Since penicillin was discovered about 90 years ago, we have become used to using drugs to eradicate unwanted pathogenic cells. However, using drugs to kill bacteria, viruses or cancer cells has the serious side effect of selecting for mutant types that survive the drug attack. A crucial question therefore is how one could eradicate as many cells as possible for a given acceptable risk of drug resistance evolution. We address this general question in a model of drug resistance evolution in spatial drug gradients, which recent experiments and theories have suggested as key drivers of drug resistance. Importantly, our model takes into account the influence of convection, resulting for instance from blood flow.
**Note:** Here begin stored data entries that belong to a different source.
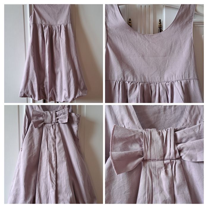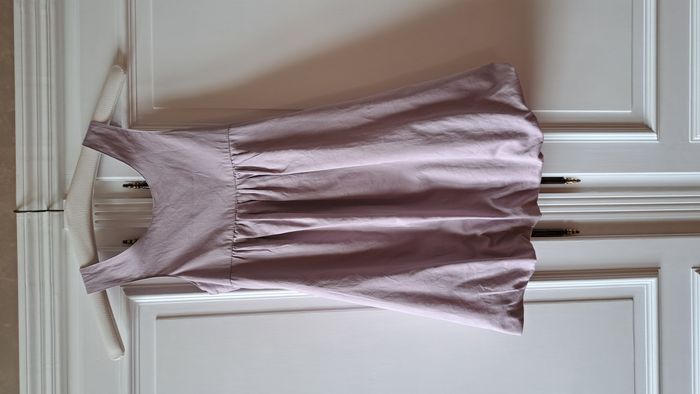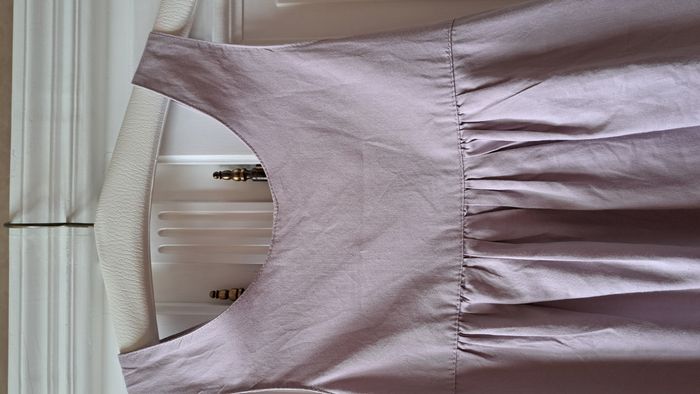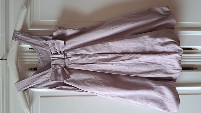 Robe d'été très jolie. encolure ronde. Robe originale un super dos gros nœud dans le dos. couleur rose Lilas. très agréable à porter Impeccable le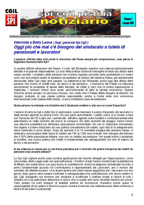 Notiziario SPI CGIL Pistoia anno V nr 1 del gennaio 2008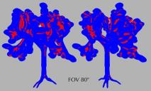 We're not yet there with understanding curvature completely. It appears that also the camera angle is taken into consideration. Two simple metaball objects (Bryce trees, wood only, no foliage) and "default" curvature in channel C as in the video. The objects are the same (copied) and equally left and right of the camera. One has the camera (almost) isometric with FOV 1 degree, the other 80 degrees. At least half of the objects ought to show the same pattern.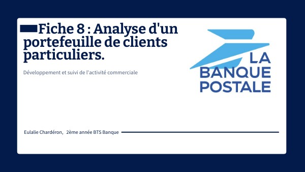 Résultats obtenus : J'ai su mettre en avant les forces et les faiblesses du portefeuille de clients particuliers et proposer des axes d'amélioration pour pallier les faiblesses.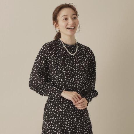 襟のタックデザインが胸元を立体的にふんわり柔らかな印象に。

Using stochastic simulations, we study the fates of individual resistance mutations and quantify the trade-off between the killing of wild-type cells and the rise of resistance mutations: shallow gradients and convection into the antibiotic region promote wild-type death, at the cost of increasing the establishment probability of resistance mutations. We can explain these observed trends by modeling the adaptation process as a branching random walk. Our analysis reveals that the trade-off between death and adaptation depends on the relative length scales of the spatial drug gradient and random dispersal, and the strength of convection. Our results show that convection can have a momentous effect on the rate of establishment of new mutations, and may heavily impact the efficiency of antibiotic treatment.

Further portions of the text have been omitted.